L'Homme Machine

Un article de Wikipédia, l'encyclopédie libre.

Page de titre de l'édition originale.

L'Homme Machine est un ouvrage du médecin-philosophe libertin Julien Offray de La Mettrie (1709-1751) paru en 1748 à Leyde[1].

Inspiré par le concept d'"animal-machine" formulé un siècle plus tôt par René Descartes dans son Discours de la Méthode, La Mettrie s'inscrit ici dans le mécanisme, courant philosophique qui aborde l'ensemble des phénomènes physiques suivant le modèle des liens de cause à effet (déterminisme) et plus largement une éthique radicalement matérialiste[2].

C'est par ce livre qu'il s'est fait connaître dans l’histoire de la philosophie, ne serait-ce que par son titre évocateur.

Un scientifique plus qu'un philosophe[modifier | modifier le code]

Dessin anatomique (1573) décrivant la morphologie du cerveau.
Dessin anatomique (1662) décrivant le système nerveux.

La Mettrie se montre particulièrement attentif aux recherches sur le système nerveux.
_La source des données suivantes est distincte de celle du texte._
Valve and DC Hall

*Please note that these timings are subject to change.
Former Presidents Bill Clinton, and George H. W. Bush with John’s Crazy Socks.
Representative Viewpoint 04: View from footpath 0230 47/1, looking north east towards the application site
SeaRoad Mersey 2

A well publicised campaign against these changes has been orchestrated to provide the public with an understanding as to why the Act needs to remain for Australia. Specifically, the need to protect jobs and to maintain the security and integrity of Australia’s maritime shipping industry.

Rappelons que les toutes premières grandes découvertes en neurologie datent du milieu du XVIe siècle, en 1543 exactement, quand André Vésale a publié son De humani corporis fabrica. Ce livre était illustré d'images montrant de façon détaillée les ventricules, les nerfs crâniens, l'hypophyse, les méninges, les vaisseaux du cerveau et de la moelle épinière et les nerfs périphériques. En 1573, Costanzo Varolio, professeur d'anatomie à Bologne, a fait une présentation détaillée de la structure du cerveau. Et à la fin du siècle, un autre anatomiste italien, Bartolomeo Eustachi, a réalisé toute une série de gravures décrivant avec précision le système nerveux. Or ses dessins ne seront vraiment découverts qu’au XVIIIe siècle, celui de La Mettrie.

Les observations en neurologie se sont approfondies au XVIIe siècle. En 1664, notamment, l'Anglais Thomas Willis a publié son Anatomie du cerveau et en 1676, sa Pathologie cérébrale a permis de poser les fondations de la neuropathologie.
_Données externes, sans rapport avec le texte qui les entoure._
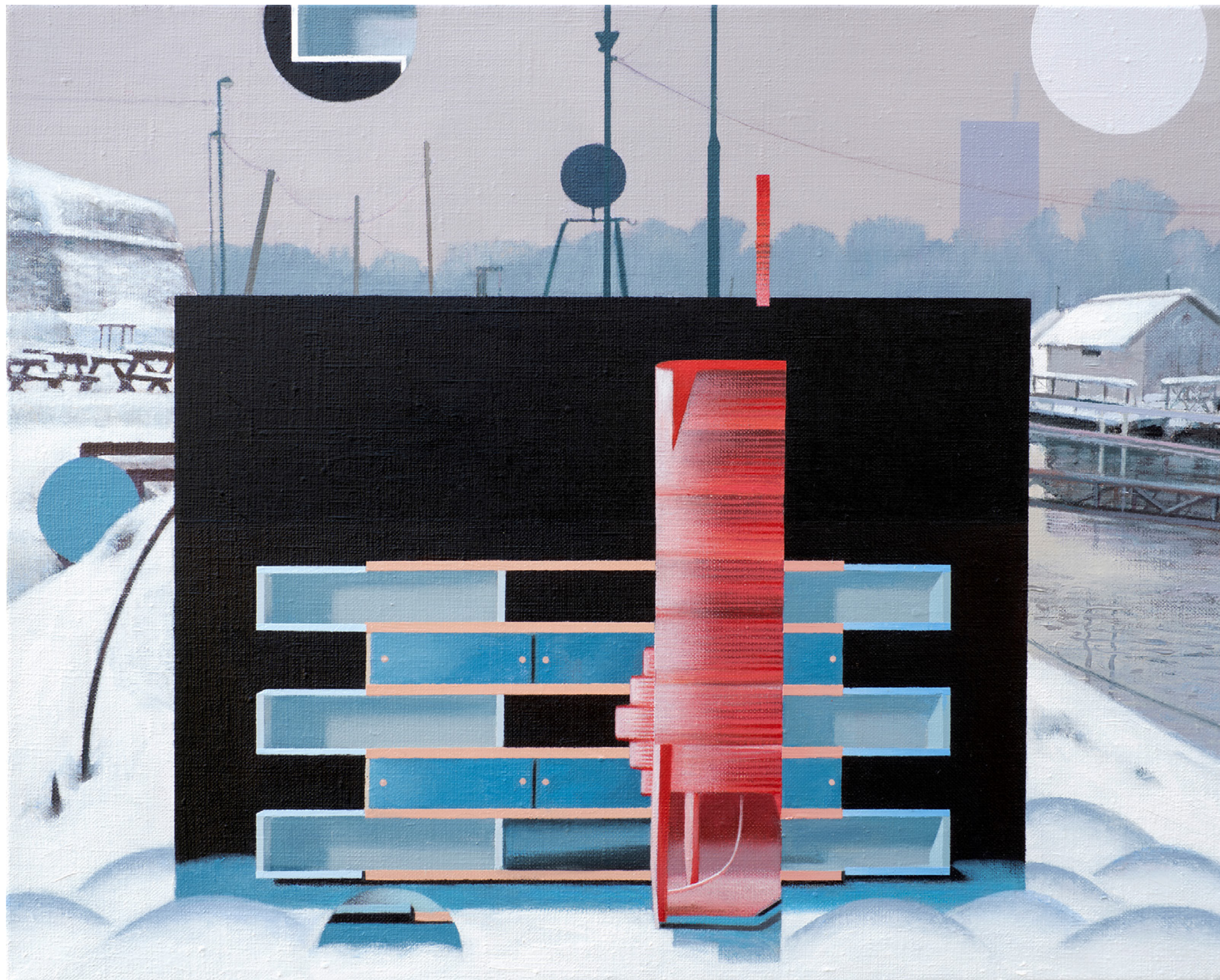
Dört Yol (Four Ways) (2020)

Or toutes ces recherches constituent pour La Mettrie un matériau plus précieux que les écrits de n'importe quel philosophe, Descartes compris, qui sont trop spéculatifs à ses yeux[3]. Raison pour laquelle lui-même sera assez mal accueilli par les philosophes. Voltaire, par exemple, le considèrera comme « dissolu, impudent, bouffon et flatteur » et Diderot comme « un auteur sans jugement ».
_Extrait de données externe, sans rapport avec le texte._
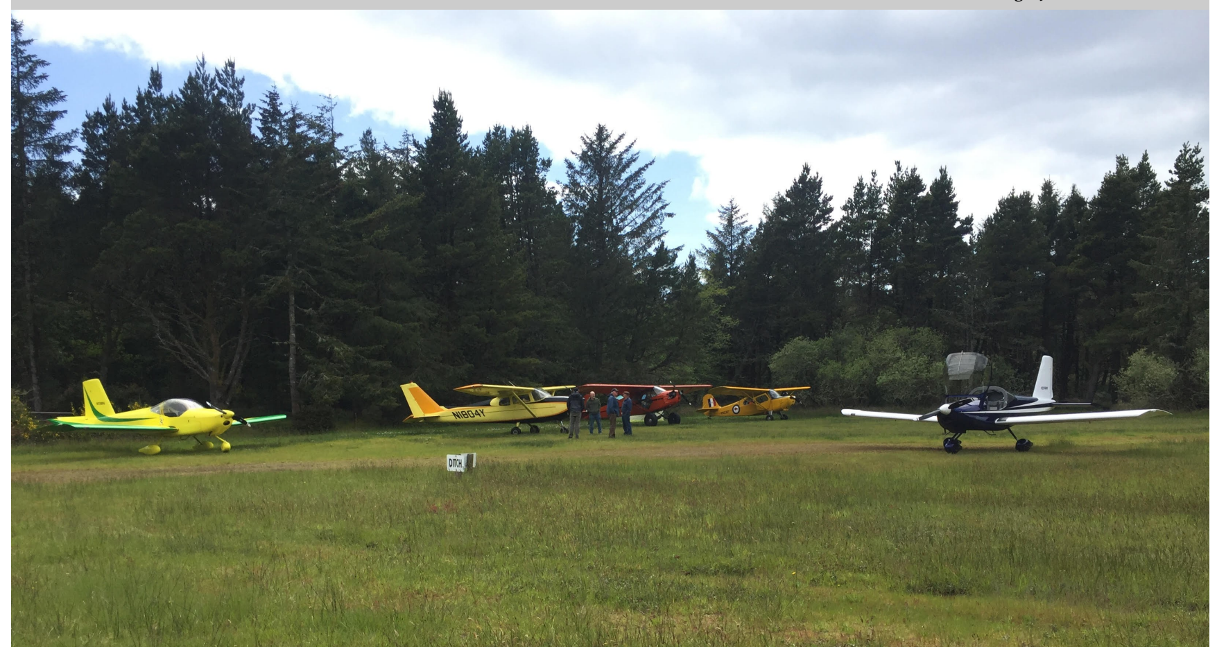
www. eaa902. org June 2022

En 1733, La Mettrie se rend à Leyde, en Hollande, pour assister aux cours du médecin et chimiste Herman Boerhaave. A l'époque, l'université de Leyde est le premier centre médical d'Europe et Boerhaave, ouvert aux idées de Galilée et Newton, conçoit le fonctionnement du corps comme un processus mécanique. Rentré à Paris en 1742, La Mettrie fait une observation singulière sur lui-même. Lors d'une attaque de fièvre, il en vient à penser que les états corporels découlent de modifications dans le cerveau et il exprime ses conclusions en 1745 dans son premier ouvrage, L'Histoire naturelle de l'âme. Ses conclusions, jugées trop matérialistes, font scandale dans le corps médical. Ce qui ne le dissuade pas d'approfondir ses réflexions dans l'ouvrage suivant, L'homme-machine, cette fois publié anonymement.

Positionnement philosophique[modifier | modifier le code]

La Mettrie

Partant de ses connaissances en physiologie, que ne possèdent pas les philosophes, La Mettrie considère que, comme par le passé, les philosophes se trompent quand ils dissertent sur l’Homme. Les spéculations théoriques sont à ses yeux sans intérêt, seule en revanche la méthode empirique lui paraît légitime.

Bien qu'inspiré par Descartes en tant qu'initiateur du mécanisme, et dès 1745, La Mettrie rejette « cet absurde système (...) que les bêtes sont de pures machines.[4] ». Plus généralement, il rejette le principe d'une existence de « l’âme raisonnable », telle que Descartes l'a formulé un siècle plus tôt. Selon lui, le fonctionnement du cerveau humain est certes plus complexe que celui des autres animaux mais son principe est le même. Et la conscience (qu'il appelle encore "l'esprit") doit être considérée comme résultant uniquement d'une organisation sophistiquée de la matière : l’homme n’est donc qu’un animal supérieur.

La Mettrie rejette vigoureusement toute forme de dualisme au profit du monisme. En d'autres termes, il rejette toute idée de Dieu, même celle des panthéistes, qui voient Dieu dans la nature, comme encore Voltaire, des années plus tard, y recherchera « le grand horloger ».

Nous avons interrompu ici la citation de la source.